### [Excerpted data]
- Opening Delimiter -

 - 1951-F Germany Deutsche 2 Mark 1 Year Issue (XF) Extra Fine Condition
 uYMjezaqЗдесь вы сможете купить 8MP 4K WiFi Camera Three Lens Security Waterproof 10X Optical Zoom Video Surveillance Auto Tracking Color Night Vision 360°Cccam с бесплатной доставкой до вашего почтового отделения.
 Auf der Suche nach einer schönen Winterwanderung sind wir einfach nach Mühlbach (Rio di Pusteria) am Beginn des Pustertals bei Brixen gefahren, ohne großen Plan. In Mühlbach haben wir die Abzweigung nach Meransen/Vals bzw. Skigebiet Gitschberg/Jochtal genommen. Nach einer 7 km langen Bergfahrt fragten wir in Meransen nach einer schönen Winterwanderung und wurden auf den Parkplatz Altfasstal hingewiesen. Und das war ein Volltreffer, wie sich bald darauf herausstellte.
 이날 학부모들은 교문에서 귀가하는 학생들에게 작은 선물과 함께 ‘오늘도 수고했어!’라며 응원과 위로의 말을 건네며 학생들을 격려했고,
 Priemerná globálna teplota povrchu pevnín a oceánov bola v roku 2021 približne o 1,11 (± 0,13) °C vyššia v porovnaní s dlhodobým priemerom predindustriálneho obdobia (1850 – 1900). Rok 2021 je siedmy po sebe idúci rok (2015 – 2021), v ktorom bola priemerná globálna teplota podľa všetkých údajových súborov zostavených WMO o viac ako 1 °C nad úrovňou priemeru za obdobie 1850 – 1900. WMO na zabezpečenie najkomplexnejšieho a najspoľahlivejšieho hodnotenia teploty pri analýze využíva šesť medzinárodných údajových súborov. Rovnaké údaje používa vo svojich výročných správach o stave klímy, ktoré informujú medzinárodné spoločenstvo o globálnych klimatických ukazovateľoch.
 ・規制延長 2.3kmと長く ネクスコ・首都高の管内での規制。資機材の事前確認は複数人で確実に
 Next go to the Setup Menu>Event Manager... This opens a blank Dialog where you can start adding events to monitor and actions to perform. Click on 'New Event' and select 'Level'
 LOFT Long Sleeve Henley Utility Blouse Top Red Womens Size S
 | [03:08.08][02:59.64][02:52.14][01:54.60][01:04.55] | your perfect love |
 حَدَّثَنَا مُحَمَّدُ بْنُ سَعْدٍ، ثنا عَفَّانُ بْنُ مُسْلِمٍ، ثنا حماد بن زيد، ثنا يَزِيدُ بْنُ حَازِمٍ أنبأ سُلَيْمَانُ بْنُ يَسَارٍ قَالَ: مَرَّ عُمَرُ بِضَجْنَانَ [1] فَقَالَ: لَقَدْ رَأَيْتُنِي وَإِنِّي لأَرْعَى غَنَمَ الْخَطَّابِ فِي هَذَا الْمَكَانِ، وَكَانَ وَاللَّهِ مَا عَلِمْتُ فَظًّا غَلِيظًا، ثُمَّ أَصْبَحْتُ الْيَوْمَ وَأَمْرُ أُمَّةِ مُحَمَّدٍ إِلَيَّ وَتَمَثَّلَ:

- Closing Delimiter -
- Opening Delimiter -

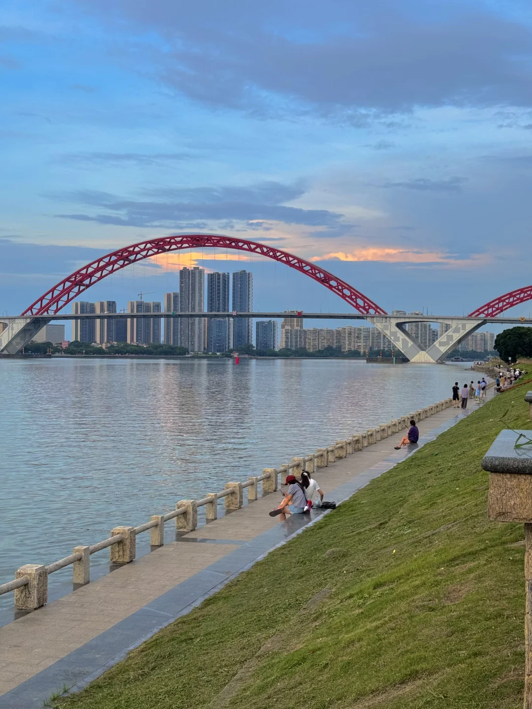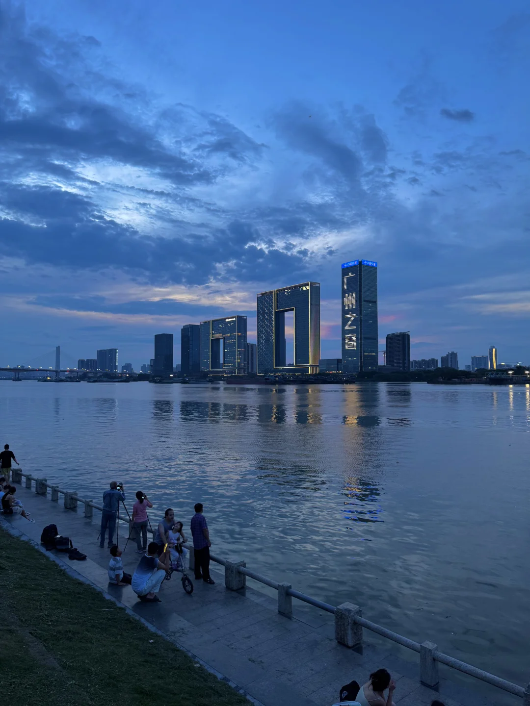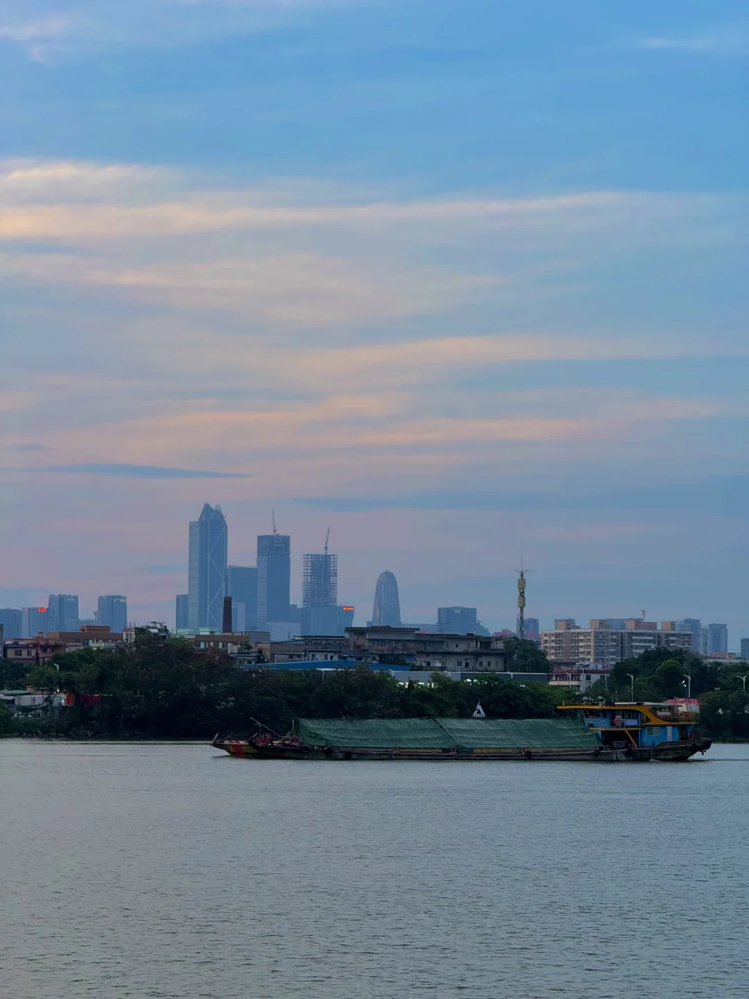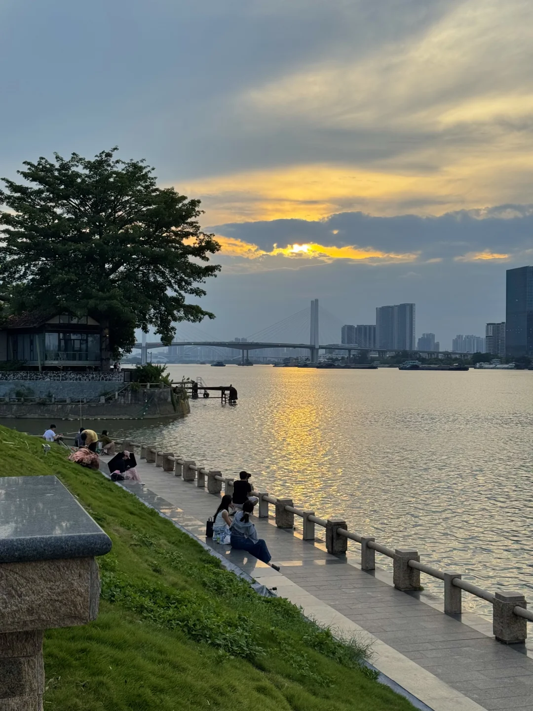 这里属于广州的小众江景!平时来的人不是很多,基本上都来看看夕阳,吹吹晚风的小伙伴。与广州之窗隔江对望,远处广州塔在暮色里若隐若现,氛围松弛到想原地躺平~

- Closing Delimiter -

### [Exercise brief]
Give the exact lines, and only those, from the line containing "Next go to the" through the line containing "perfect love |" in the entries above.

### [Response to this task]
 Next go to the Setup Menu>Event Manager... This opens a blank Dialog where you can start adding events to monitor and actions to perform. Click on 'New Event' and select 'Level'
 LOFT Long Sleeve Henley Utility Blouse Top Red Womens Size S
 | [03:08.08][02:59.64][02:52.14][01:54.60][01:04.55] | your perfect love |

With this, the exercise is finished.